Gunther is a terrible eater.
He treats food almost as a punishment.
Even if I add something really yummy,he'll go at it,but stops shortly.
I don't think he ever ate a meal in one sitting.
He is on Wellness Core with added canned Wellness or Innova.
Sometimes I add green tripe,but he lost interest in that.
My vet thinks his weight is just right,but I would love to see a bit more meat on him.
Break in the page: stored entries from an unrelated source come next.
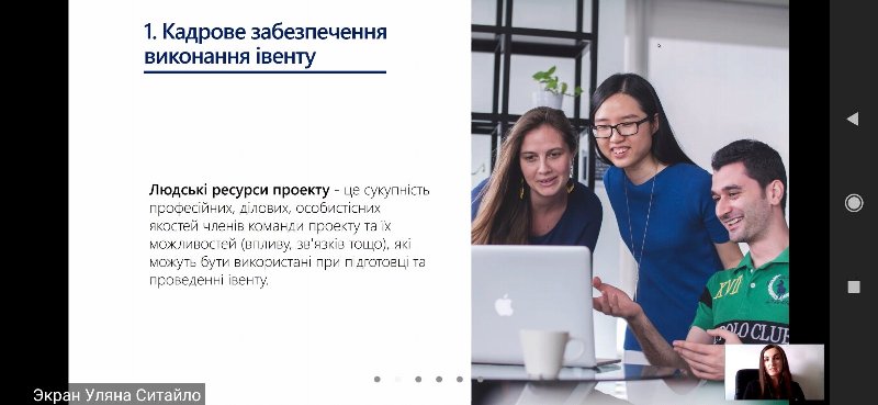 6 квітня 2021 року в онлайн-форматі відбулася відкрита лекція «Підбір постачальників послуг» старшої викладачки кафедри туристичного та готельного бізнесу Уляни Ситайло з дисципліни «Івент-менеджмент» для здобувачів 3 курсу спеціальності 242 «Туризм».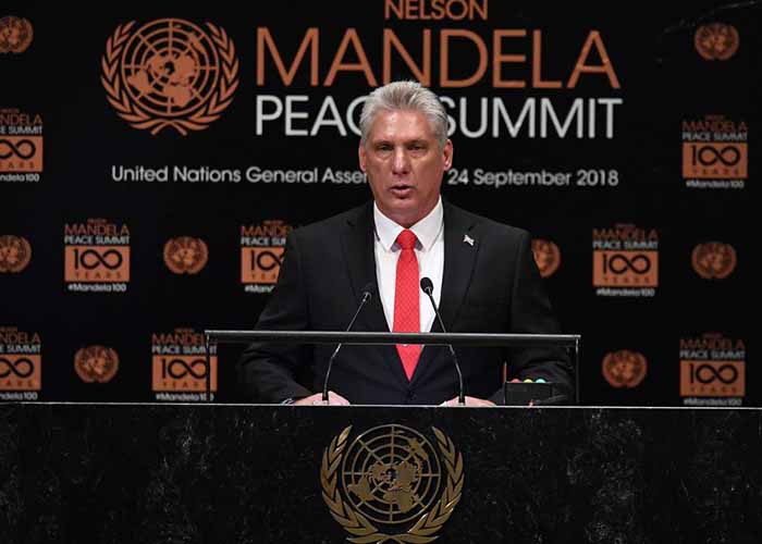 El presidente de Cuba, Miguel Díaz-Canel Bermúdez, brindó su discurso en la Cumbre por la Paz Nelson Mandela, en Nueva York.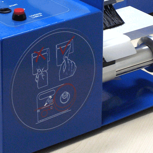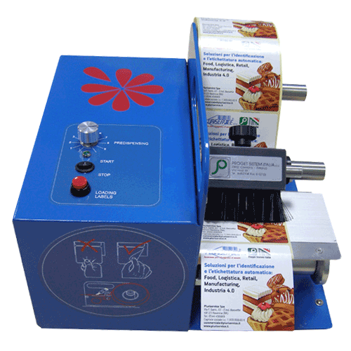 È universale e dispensa etichette di tutti i tipi, sia in carta che in acetato trasparente, con o senza gap.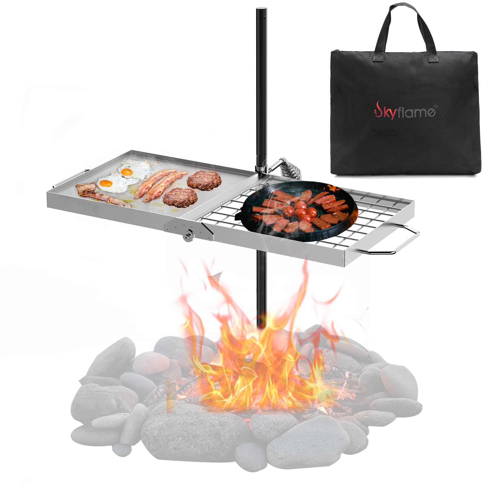 Foldable Design: The adjustable fire pit grill grate adopts foldable design, comes with a handy carry bag for transportation, which makes it compact to store and carry, ideal for those who love to grill wherever they go

He looks pretty thin to me.


----------



## mercymoon (Aug 29, 2008)

There are many supplements available in the market
that can increase a Dog's appetite and help you keep
your pet more healthy such as Natural Balance. You 
can also review different types of food supplements 
specifically for increasing a dog's appetite at the link below:
www.nextag.com

You can also try:

- Warm canned or moistened dry food in the microwave to increase 
the aroma of the food. Be sure to stir the food before feeding it to 
your dog, and that it's not so hot that it could burn your dog!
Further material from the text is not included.